Similairement, la figure 4.1a) illustre le schéma d’un câble extrudé à très haute tension.
L’épaisseur de l’isolation dans ce cas est plus importante mais le matériau isolant est le
même c’est-à-dire le polyéthylène. À l’exception de quelques lignes, les câbles de
transport de ce type ne sont pas actuellement très utilisés au Québec.
a) b)
Figure 4.1 : a) Schéma électrique d’un câble extrudé très haute tension [1]. Typiquement
le champ électrique est compris entre 6 et 15 kV/mm. b) Schéma électrique d’un câble
extrudé moyenne tension [2]. Typiquement le champ électrique près de l’âme centrale
est compris entre 2,5 et 4 kV/mm.
Un autre exemple de système d’isolation interne est le système d’isolation des
enroulements statoriques des grandes machines. Tel que mentionnée précédemment, ces
enroulements sont faits de barres (un tour) ou de bobines (plusieurs tours) pré-formées.
Ces barres ou bobines sont en effet fabriquées en usine et placées dans les encoches
statoriques sur site. Pour les machines 13,8 kV, la différence de potentiel phase-neutre
que doit supporter le système d’isolation est de 8 kV. Les figures 4.2a et 4.2b illustrent
en vue de coupe l’isolation de masse d’une barre et d’une bobine respectivement. La
barre est une barre d’un alternateur refroidi à l’eau et conséquemment les conducteurs
sont creux. La figure 2c illustre le système d’isolation de la partie hors fer d’une barre,
appelée aussi développante. Une complication importante qui survient dans cette région
du bobinage est l’apparition d’un fort champ tangentiel. Pour éviter la présence de
décharge de surface un revêtement spécial dit anti-effluves est utilisé. Cette
problématique sera traitée plus loin. Finalement la figure 4.2d est une photo de barres et
bobines utilisées pour des essais en laboratoire.
2
a) b)
c) d)
Figure 4.2 : Système d’isolation du bobinage statorique des grandes machines
tournantes : a) vue de coupe d’une barre [3]; b) vue de coupe d’une bobine [3]; c)

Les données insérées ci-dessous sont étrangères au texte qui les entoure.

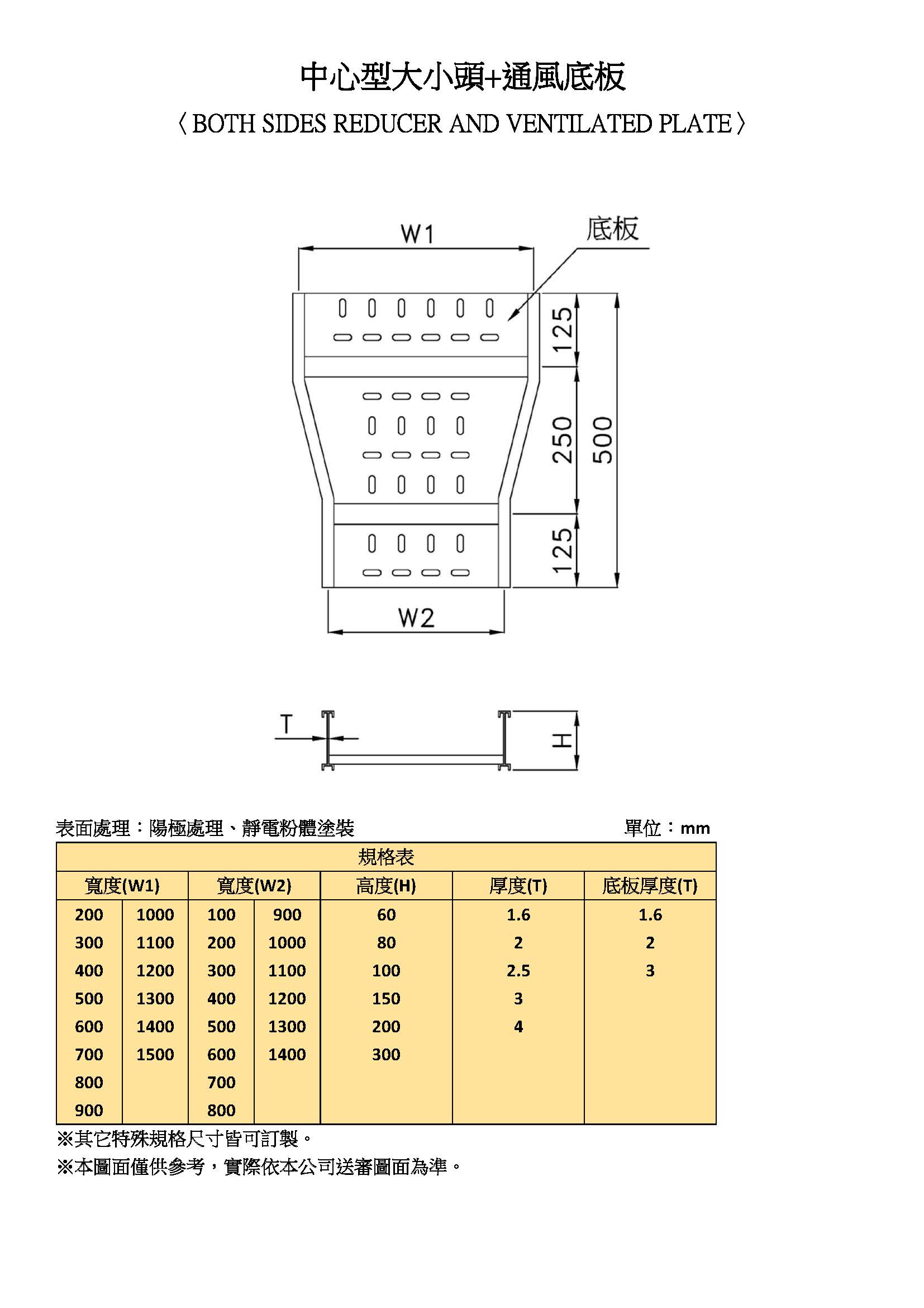 水平中心型大小頭+通風底板

système anti-effluve [4]; d) barres et bobines de machines 13,8 kV.
Évidemment, le matériau diélectrique, en plus d’un rôle d’isolation électrique sert aussi
de support mécanique aux pièces métalliques en plus de devoir dissiper la chaleur
produite par le conducteur. Les propriétés électriques, mécaniques et thermiques de ces
matériaux doivent donc être soigneusement étudiées lors que la conception d’un système
d’isolation. Dans les sections qui suivent, nous verrons d’abord un aperçu des concepts
théoriques reliés à ces matériaux. Par la suite, les différentes applications en
électrotechnique seront abordées ainsi que les essais de maintenance et de diagnostique
utilisés dans cette industrie.
3
4.2.2 Théorie des diélectriques
4.2.2.1 Polarisation statique
Au chapitre 2, les phénomènes physiques entraînant la conductivité électrique ont été
étudiés. Dans les matériaux isolants, il n’y a pas, ou très peu, de charge libre permettant
la circulation du courant électrique. Nous reviendrons sur ce point à la section suivante.

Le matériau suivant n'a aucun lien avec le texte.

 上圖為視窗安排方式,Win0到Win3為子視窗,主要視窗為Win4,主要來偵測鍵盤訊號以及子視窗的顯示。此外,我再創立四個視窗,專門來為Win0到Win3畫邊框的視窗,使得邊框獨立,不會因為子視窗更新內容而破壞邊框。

Par contre, les charges électriques présentes dans le matériau, si elles ne peuvent se
mouvoir d’une électrode à l’autre peuvent se déplacer localement et entraîner une
variation des charges images sur les électrodes. Cette variation des charges se traduit par
un courant appelé courant de déplacement. Un appareil de mesure externe comme un
ampèremètre, ou un pico-ampèremètre pour la mesure de petits courants, ne peut faire la
distinction entre ce courant et un courant de conduction directe. Il est toutefois important
de garder en tête la grande différence physique entre ces deux courants.
Un matériau diélectrique qui ne conduit pas ou très peu, est plutôt caractérisé d’un point
de vue électrique par sa permittivité. Cette dernière reflète l’intensité des mécanismes de
polarisation dans le matériau. Le phénomène de polarisation peut être dans un premier
temps illustré en considérant l’expérience suivante. Introduisons un matériau diélectrique
entre les armatures d’un condensateur plan-plan soumis à une différence de potentiel
continue Uo qui est maintenue constante par une source. Au moment où le diélectrique
est inséré, on note la présence d’un courant circulant entre la source et le condensateur.
C’est le courant de déplacement dont il a été fait mention au paragraphe précédent. Ce
courant diminue avec le temps, plus ou moins rapidement, tout dépendamment des
mécanismes de polarisation du matériau. En effet, sous l’action du champ électrique
externe, un champ interne s’opposant au champ appliqué apparaît dans le diélectrique.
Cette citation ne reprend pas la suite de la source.